Last September, Governor Ron DeSantis of Florida flew over 50 Venezuelan migrants to Martha’s Vineyard, almost all of whom could not communicate in English. High school students and the cast of a local play featuring Spanish-speaking Latino actors offered themselves as interpreters. The migrants were later moved to Joint Base Cape Cod where members of a local church interpreted for the migrants.

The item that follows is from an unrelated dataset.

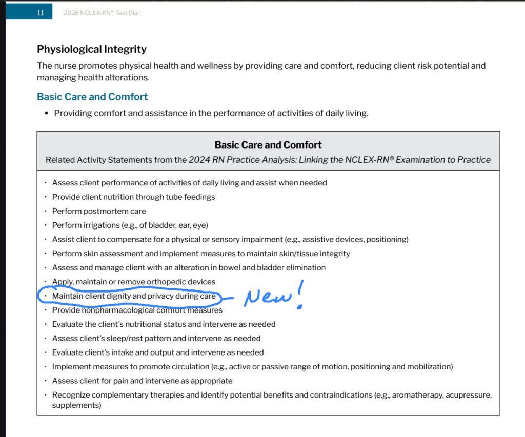 There were absolutely no changes for this section except they made the 2026 column wider. There were no newly added statements and no changes of the wording. You can see for yourself in both the 2023 NCLEX test plan and the 2026 NCLEX test plan.

Using untrained language speakers as interpreters is not standard of care but was a well-intended short-term solution in a time of need. Trained interpreters improve communication and decrease errors between people with limited English proficiency and providers in fields as diverse as government, law, and education. This need for interpreters will continue to increase across the country especially since Florida’s Republican lawmakers approved $10 million in February to move migrants to other states. There’s a bill before the Massachusetts Legislature that can help to address this urgent need for interpreters at public-facing state agencies before more limited resources are strained.
The need for interpreters is most critical in medical settings. As a primary care physician in a health care center where over 25 percent of our patients do not speak English or speak limited English, my ability to provide safe and effective care often depends on interpreters.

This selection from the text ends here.